→ **Dataset records**:
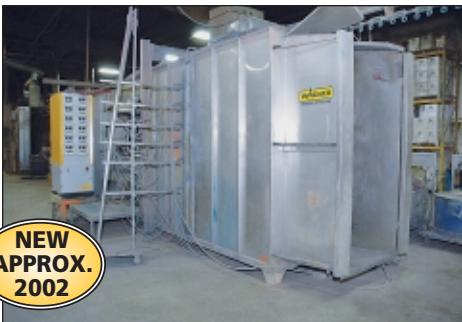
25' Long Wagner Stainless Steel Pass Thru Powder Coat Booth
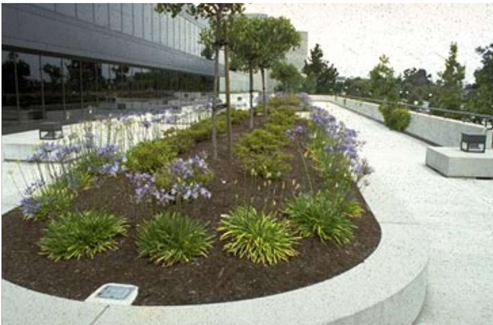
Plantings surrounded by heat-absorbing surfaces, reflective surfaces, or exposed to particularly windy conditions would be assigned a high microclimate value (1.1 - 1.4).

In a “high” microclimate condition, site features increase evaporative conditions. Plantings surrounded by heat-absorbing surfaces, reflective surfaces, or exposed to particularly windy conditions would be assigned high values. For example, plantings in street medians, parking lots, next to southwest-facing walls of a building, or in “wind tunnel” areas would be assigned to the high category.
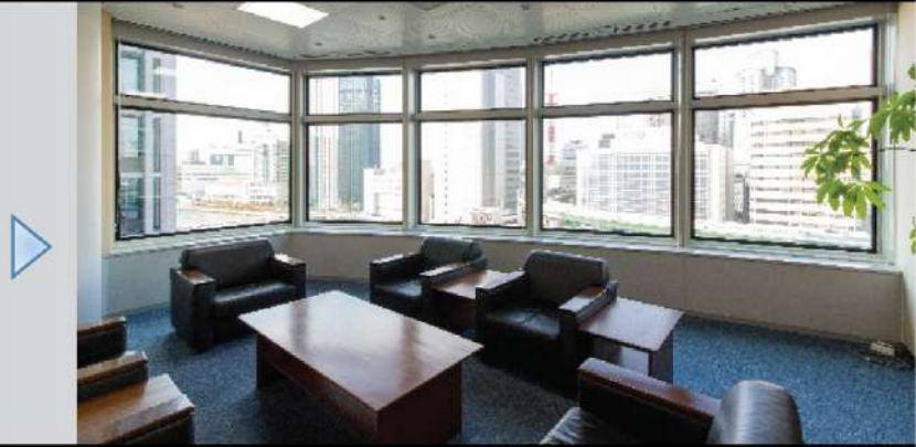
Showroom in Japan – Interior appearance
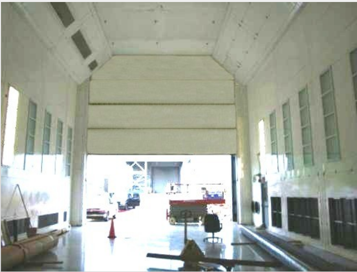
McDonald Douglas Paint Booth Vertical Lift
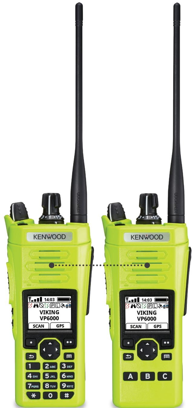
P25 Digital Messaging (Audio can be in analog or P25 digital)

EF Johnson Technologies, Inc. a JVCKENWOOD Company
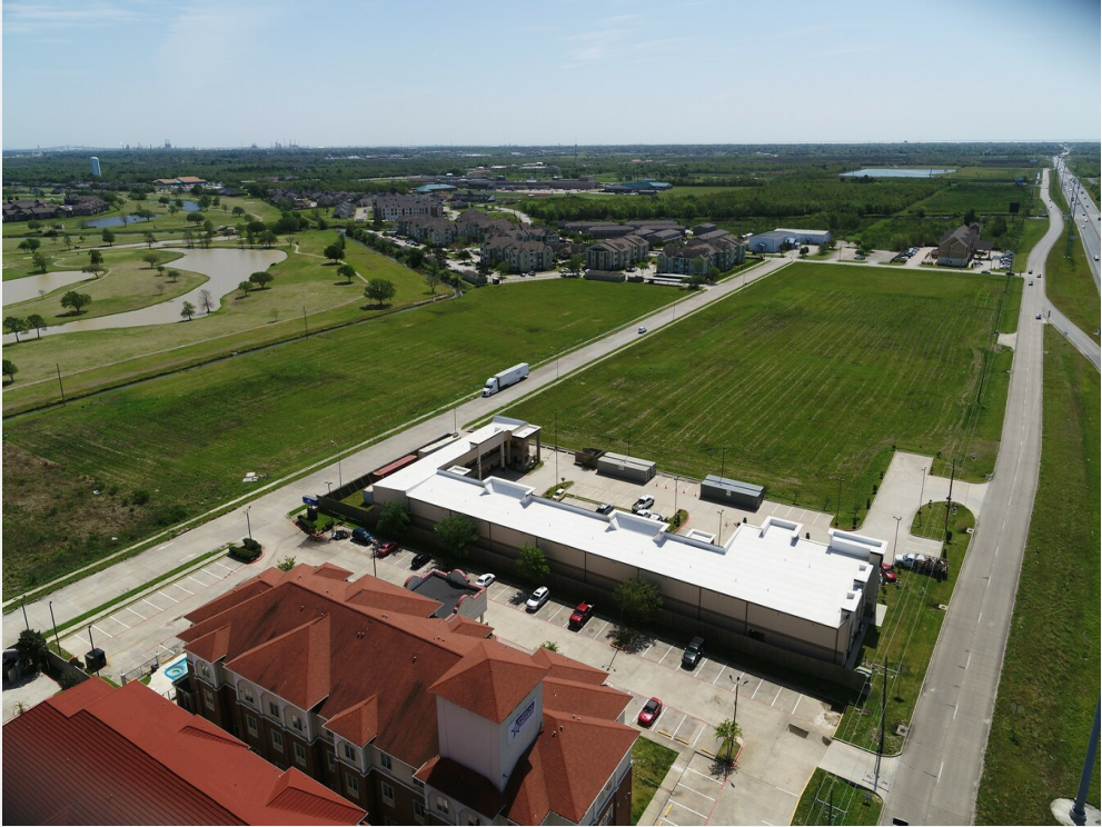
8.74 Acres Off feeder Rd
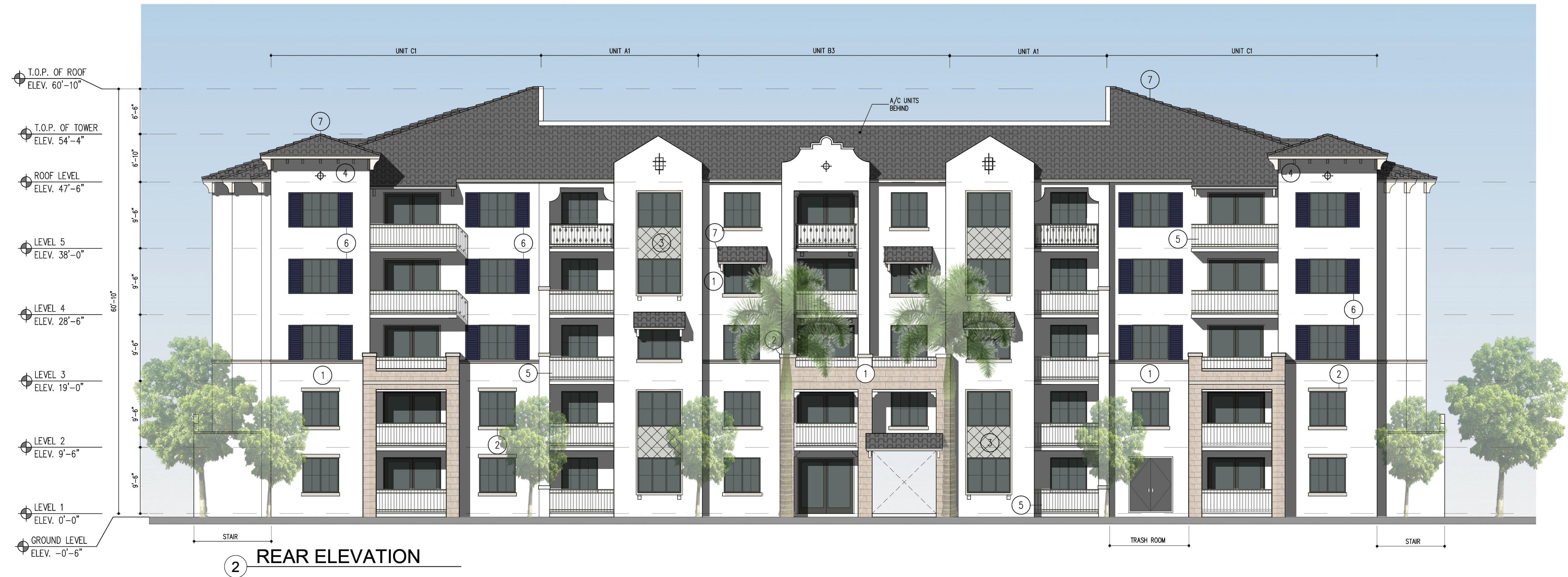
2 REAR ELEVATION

→ **Aim of the task**: Print the lines from the beginning of the records up to and including the line containing "value (1.1 - 1.4).", word for word, with no pictures.

→ **Answer space**:
25' Long Wagner Stainless Steel Pass Thru Powder Coat Booth
Plantings surrounded by heat-absorbing surfaces, reflective surfaces, or exposed to particularly windy conditions would be assigned a high microclimate value (1.1 - 1.4).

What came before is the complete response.